On June 10, 2015, New York City Council passed the Fair Chance Act, which aims to create opportunities for job seekers with criminal histories. In doing so, they join 27 other states and a rapidly growing number of cities and municipalities that have passed similar legislation.
There are a total of 27 states representing nearly every region of the country that have adopted the policies —California (2013, 2010), Colorado (2012), Connecticut (2010), Delaware (2014), Georgia (2015), Hawaii (1998), Indiana (2017), Illinois (2014, 2013), Kentucky (2017), Louisiana (2016), Maryland (2013), Massachusetts (2010), Minnesota (2013, 2009), Missouri (2016), Nebraska (2014), New Jersey (2014), New Mexico (2010), New York (2015), Ohio (2015), Oklahoma (2016), Oregon (2015), Rhode Island (2013), Tennessee (2016), Utah (2017), Vermont (2015, 2016), Virginia (2015), and Wisconsin (2016).

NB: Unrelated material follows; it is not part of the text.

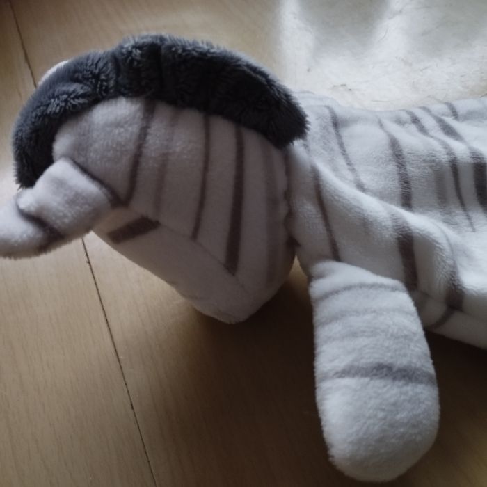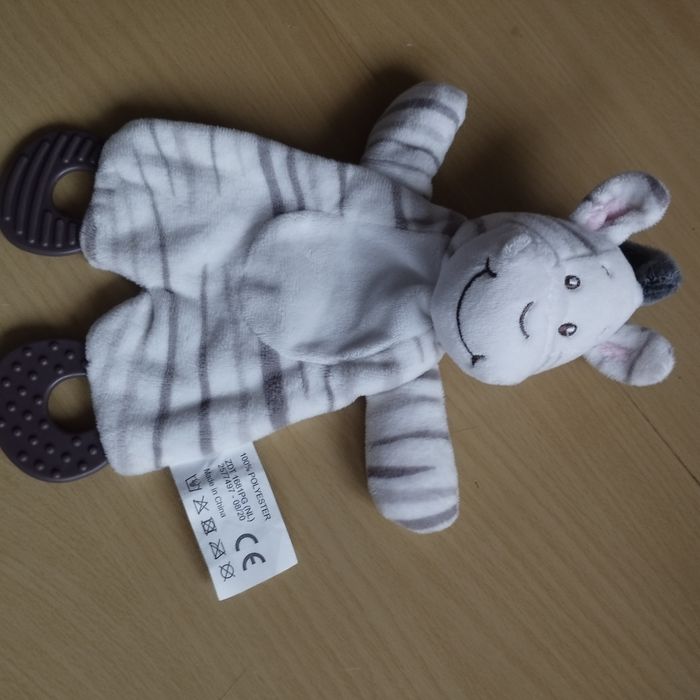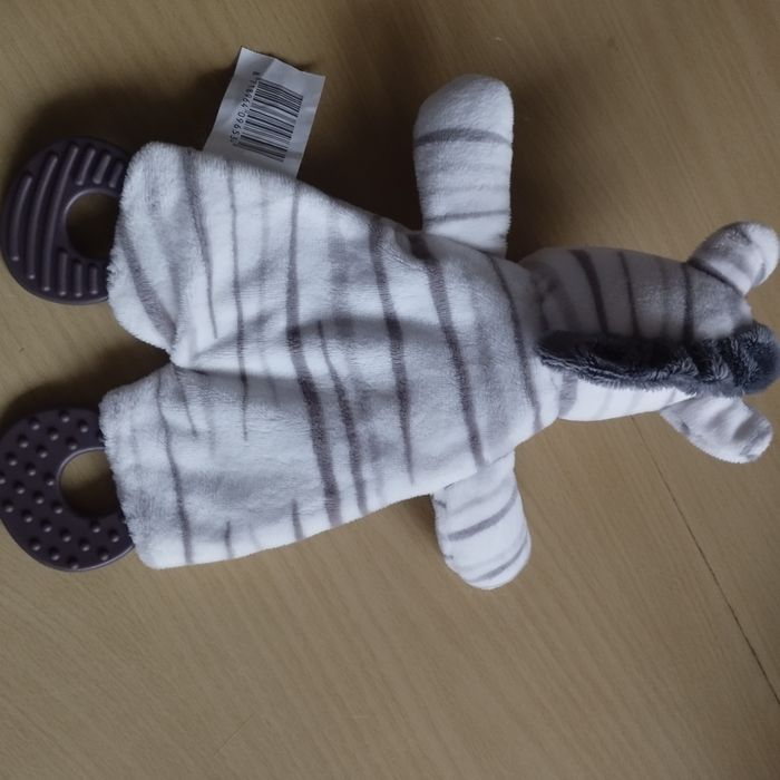 Doudou Semi Plat Zèbre avec 2 anneaux de dentitions, et papier bruissant sur tout le corps. Jamais servi.

Also, there are hundreds of cities and municipalities, such as Philadelphia, Los Angeles and San Francisco, that have similar existing or pending* laws on the books.
There are 9 states (HI, IL, MA, MN, NJ, OR*, RI, CT & VT) that have restricted private employers from asking conviction history questions on job applications. This Act also compliments and references the existing state statute NY Article 23-A, which requires employers to, among other things, directly link criminal history to the position sought through an individualized assessment.
Notably, the Fair Chance Act will now require covered employers to “Ban the Box” during the application and interview process. Specifically, NYC states that no employer can make an inquiry or ask an applicant about criminal history until the employer “has extended a conditional offer of employment to the applicant”. Covered employers will also be required to eliminate any job advertisements indicating that criminal history will bar employment.
Also of note, the Act requires employers to perform an Article 23-A analysis referred to as the Fair Chance Act Notice of any history received, and upon making an adverse decision, provide a candidate with that analysis as well as the employer’s reasons for taking any adverse action. Additionally, the position is to be held open for a reasonable period of time (3 days minimum) to give the candidate time to respond.
Will this provide individuals that have prior criminal history a “foot in the door” opportunity that they may otherwise not have received? That remains to be seen. One thing is certain, employers of all sizes need to continually review and evaluate their hiring practices to ensure they are meeting the ever-changing compliance landscape.